Spend time with a financial planner and you likely will experience a retirement planning discussion centered on the “three-legged stool,” a metaphoric device used to describe the relationship between three typical retirement income sources: Social Security, savings and a pension or 401(k) plan. Underfund, or eliminate, one of the three legs and the two-legged stool that remains will be a bit wobbly. Retirement won’t be as much fun under that scenario.


An analogous comparison can be made regarding the participation of the three primary entities—enforcement, manufacturing and contracting or installation—involved in the model code and standard revision process. Lose or negate the input of one of the three “legs” and the resulting document may not be acceptably complete.


Unfortunately, a committee that oversees the content of an international portland cement plaster installation standard seems to be moving toward a two-leg model, largely because it is ignoring input from the contracting participants on a specific issue. Consequently, the working committee has fractured slightly, making progress on meaningful updates of the standard difficult.

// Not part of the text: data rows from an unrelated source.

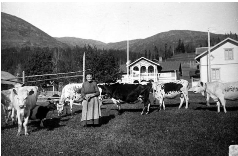
Figur 18. Gårdsmiljö med boskap. (Nils Thomasson) Tidigt 1900-tal. CC BY-NC-ND 4.0

Fortsatt ser vi i figur 18 och 19 ett exempel på en gårdsbyggnad som finns kvar i utkanten av Tottens by vars sammanhang är förändrat. Den ensamma gården med nära kontakt till närliggande landskap är idag inklämd mellan nya fritidshus, skidbacken och större parkeringar. Här har landskapsbilden förändrats drastiskt och igenkännbarheten är låg trots att gårdsbyggnaden i sig är sig lik. Olika tidslager bestående av äldre strukturer, den avverkade skogen för skidbackar och fritidshusen med tillhörande parkeringsplatser gör sitt avtryck på landskapsbilden. Den upplevs komplex men komplexiteten i detta fall upplevs som rörig och det är svårt att få ett grepp om landskapsbilden.
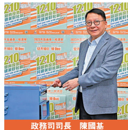
政務司司長 陳國基
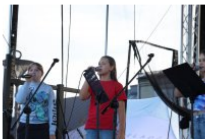
Piknik Ekologiczny w Czeladzi
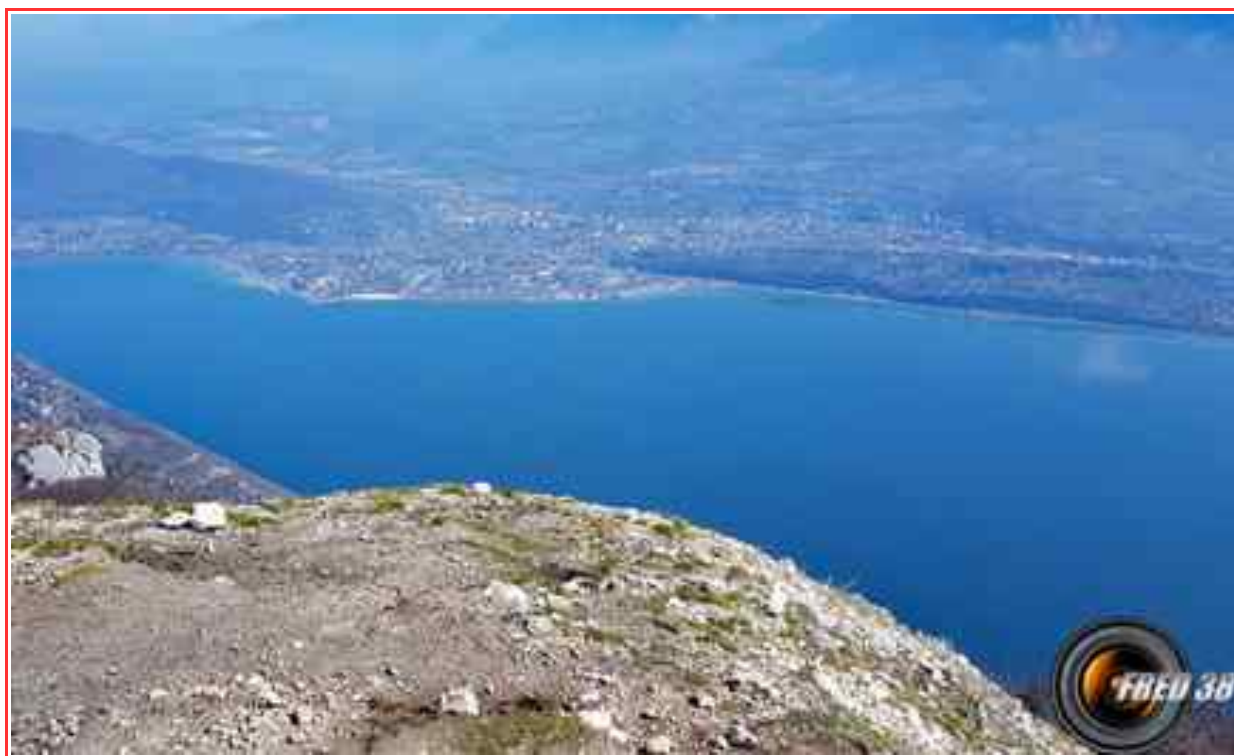
Le lac du Bourget vu du sommet.

— Environ 3,5 km d'itinéraire, pour 809 m de dénivelé positif.
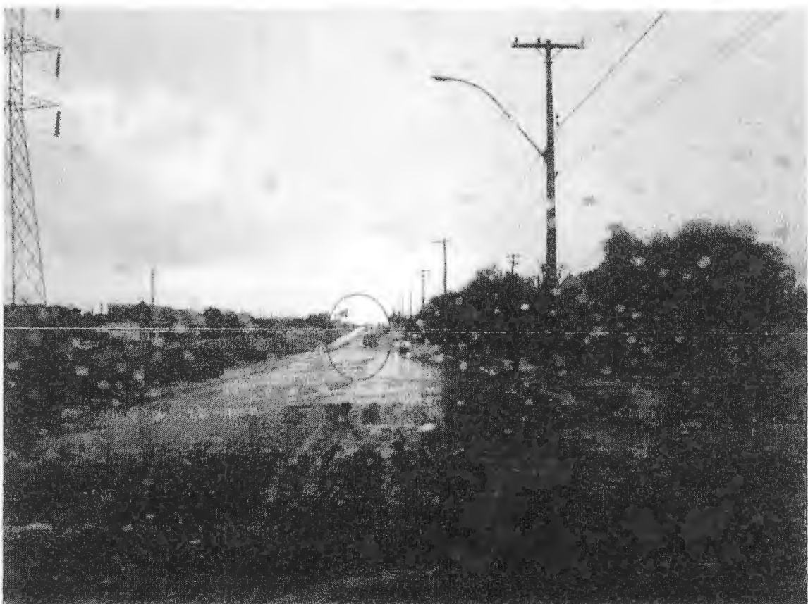
Na imagem mostra o carro na via oposta desviando do alagamento.
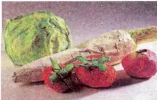
Hình 2. Tạo hình bằng giấy bồi
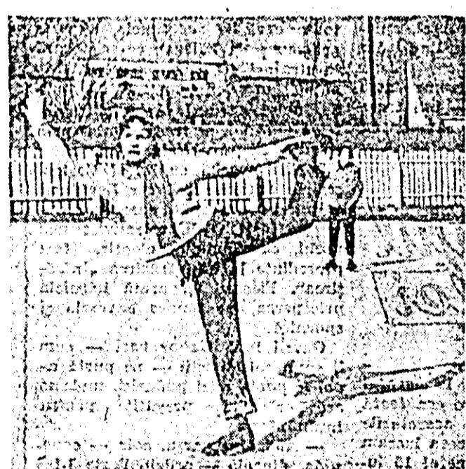
Patinajul este unul din sporturile preferate ale anotimpului rece al anului; el cerește tot mai mult aderenți. Vă prezentăm un aspect de la patinajul „Constructorul”.
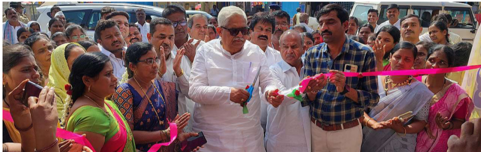
ಗ್ರಾಮ ಪಂಚಾಯತಿ ವ್ಯಾಪ್ತಿಯ 13 ಮಹಿಳಾ ಸ್ವ-ಸಹಾಯ ಸಂಘಗಳ ಸದಸ್ಯರು ತಾವು ತಯಾರಿಸಿದ ಉತ್ಪನ್ನಗಳನ್ನು ಪ್ರದರ್ಶನ ಹಾಗೂ ಮಾರಾಟಕ್ಕೆ ಇಟ್ಟಿದ್ದರು.

ಜಿ.ಪಂ ಯೋಜನಾ ನಿರ್ದೇಶಕ ಎಮ್.ವಿ. ಚರ್ಚೆಗೆ ಮಾತನಾಡಿ, ಸಂಜೀವಿನಿ ಸಂಘದ ಉತ್ಪನ್ನವು ಮಾರುಕಟ್ಟೆಯಲ್ಲಿ ಗುರುತಿಸಿಕೊಳ್ಳುವಂತೆ ಮಾಡಲು ಅದರಲ್ಲಿ ವಿಭಿನ್ನತೆಯರಬೇಕು, ಉತ್ಪನ್ನದ ಗುಣಮಟ್ಟ ಮತ್ತು ಅದನ್ನು ಗ್ರಾಹಕರಿಗೆ ನೀಡುವಾಗ ಉತ್ತಮ ಪ್ಯಾಕೇಜಿಂಗ್ ಹೊಂದಿರಬೇಕು. ಆಗ ಮಾತ್ರ ಉತ್ಪನ್ನಗಳು ಜನರನ್ನು ತಲುಪುತ್ತವೆ. ಮಾರುಕಟ್ಟೆಯಲ್ಲಿ ಸ್ಪರ್ಧಾತ್ಮಕ ಬೆಲೆಯನ್ನು ನಿಗದಿಪಡಿಸಿದಾಗ ಮಾತ್ರ ಹೆಚ್ಚಿನ ವಸ್ತುಗಳು ಮಾರಾಟವಾಗುತ್ತವೆ. ಈ ನಿಟ್ಟಿನಲ್ಲಿ ನಿಮ್ಮ ಕಾರ್ಯ ನಿರ್ವಹಿಸಬೇಕು ಎಂದು ಹೇಳಿದರು.
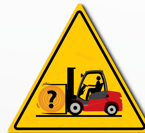
Utilizzare accessori idonei in base ai requisiti di carico
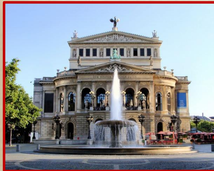
Старинное здание оперы
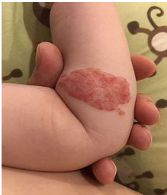
Slika 4. Hemangiom na ruci djeteta
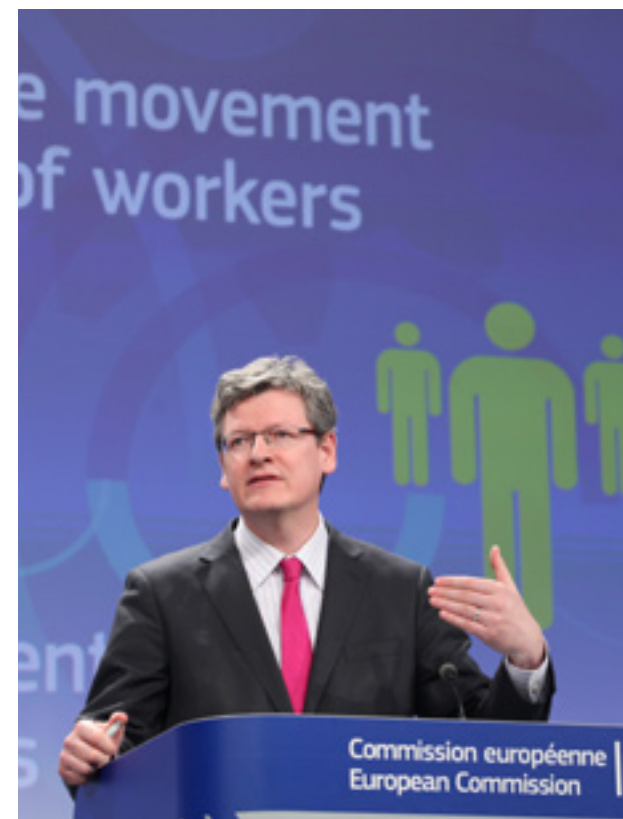
Laszlo Andor, comisar european pentru muncă

De exemplu, se întâmplă ca administrațiile publice sau întreprinderile să aplice reguli discriminatorii de recrutare, cote sau alte cerințe naționale pentru diverse tipuri de posturi. De asemenea, normele în materie de salarizare și promovare pot fi diferite în cazul
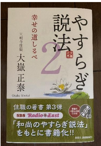
ラジオのお話が本になりました
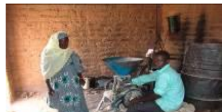
Photo illustrative : Acquis du PADEL/Mayahi : moulin à grains (commune de Serkin Haoussa)

enregistrés dans le cadre du programme de coopération qui lie les deux parties. Il a par ailleurs invité les différents acteurs, notamment les populations bénéficiaires à s'approprier , ce projet de grande importance.
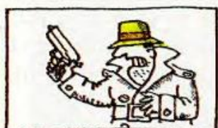
going to the cinema

The stalemate involves an impasse over language in Section of ASTM C1063, Standard Specification for Installation of Lathing and Furring to Receive Interior and Exterior Portland Cement-Based Plaster, which requires lath used as a base for an application of exterior portland cement plaster to “… not be continuous through control joints, but shall be stopped and tied at each side.”  The contentious issue is whether the lath really needs to be stopped, or cut, at the control joint as prescribed in the noted clause.

The Contrators’ Position

Large segments of the contracting industry believe that lath can run continuous behind a control joint without adversely impacting the finished plaster; therefore, the lath does not need to be stopped in every circumstance. They also believe there is no difference in performance between a continuous lath application and a cut lath application, and they consider plaster cracking to be a composite outcome of numerous contributing factors, many of which are fully disassociated from the lath-cutting requirement. Citing a history of successful installations and regional practices, they think the standard should equally permit the use of either installation method and should declare no preference for one over the other.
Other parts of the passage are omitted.